Can Full-Price Stores and Outlets Coexist in the Same Mall?

Retailers facing sluggish sales at particular locations are opting for a lucrative alternative to shutting down: They are converting weak full-price stores to outlets. Among those taking this step are Abercrombie & Fitch, American Eagle Outfitters, Express, Gap, J.Crew and New York & Company, particularly at malls in secondary and tertiary markets.

“We had Abercrombie do that in one of our malls, a tier-two mall, a few years ago, and sales have improved,” said Stephen D. Lebovitz, president and chief executive officer of CBL & Associates Properties, on an earnings call. J.Crew, too, is converting some of its mall stores to outlets, he noted. Chains are testing such conversions in markets where they believe their prices are too high relative to those of their competitors, Lebovitz said. “The J.Crew store at CBL’s Hamilton Place mall, in Chattanooga [Tenn.], is a factory store, and it’s doing really well,” he said.

In a call to analysts last December, Michael Weiss, then CEO of Express (he retired this past January), said the chain is looking at the benefits of transforming more of its mainline stores into outlets. Express launched its Express Factory Outlet division last April with a store at Tanger Outlets National Harbor, in Washington, D.C. The chain has focused hard on outlet growth, and the division was reportedly on track to post $60 million in sales its first year of operation, or more than double the company’s projections.

A few years ago Simon’s Towne West Square mall, in Wichita, Kan., lost its full-price Sears store. This month, however, Sears Hometown and Outlet Stores is set to open a 10,000-square-foot store at the mall. The concept gives consumers access to Sears Hometown and hardware merchandise as well as outlet goods the retailer bills as “new, one-of-a-kind, out-of-carton, discontinued, reconditioned, overstocked, and scratched-and-dented products.”

At Mills malls, American Eagle Outfitters and Express have already converted all their full-price stores into outlets — 14 stores for American Eagle, and 15 for Express. “Sales in most cases have gone up dramatically,” said Gregg M. Goodman, president of The Mills: A Simon Company. “The customer has responded to the thought that there is a value proposition there for them.”

Gap has been quietly converting some of its full-price stores into outlets at both regional malls and strip centers, according to retail consultant Jeff Green, who heads an eponymous firm in Phoenix.

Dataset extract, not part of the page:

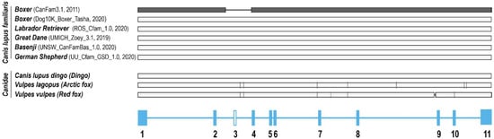 - Hoeppner, M.P.; Lundquist, A.; Pirun, M.; Meadows, J.R.S.; Zamani, N.; Johnson, J.; Sundström, G.; Cook, A.; Fitzgerald, M.G.; Swofford, R.; et al. An Improved Canine Genome and a Comprehensive Catalogue of Coding Genes and Non-Coding Transcripts. PLoS ONE 2014, 9, e91172. [Google Scholar] [CrossRef]

Last year, in fact, Gap relocated an outlet store from the Traverse City (Mich.) Outlet Center to Grand Traverse Mall, a four-anchor regional mall built in 1992. Some developers are courting this phenomenon, says Green, though others say they do not want to encourage the trend. New York & Company, a wear-to-work retailer for women, is among the chains experimenting with outlet conversions, according to consultant Josh Podell, who heads Podell Real Estate Advisors.

If the only other option is to take a huge write-off by closing the underperforming store, then turning it into an outlet instead is certainly preferable for both the chain and its landlord, according to James McCandless, managing director of Streetsense, a Washington, D.C.–based multidisciplinary design and strategy firm. “Vacancy is the enemy of vibrancy,” he said. “It feeds more vacancy. Foot traffic is good for everyone.” Moreover, today’s highly efficient, omni-channel-focused retail chains have other compelling reasons to consider converting some of their stores to outlets, says McCandless. “They’re looking at the situation and seeing that they expanded and now probably have too many full-line stores,” he said. “Are they going to shutter them, or is there a way to create a new opportunity? This is a natural next step.”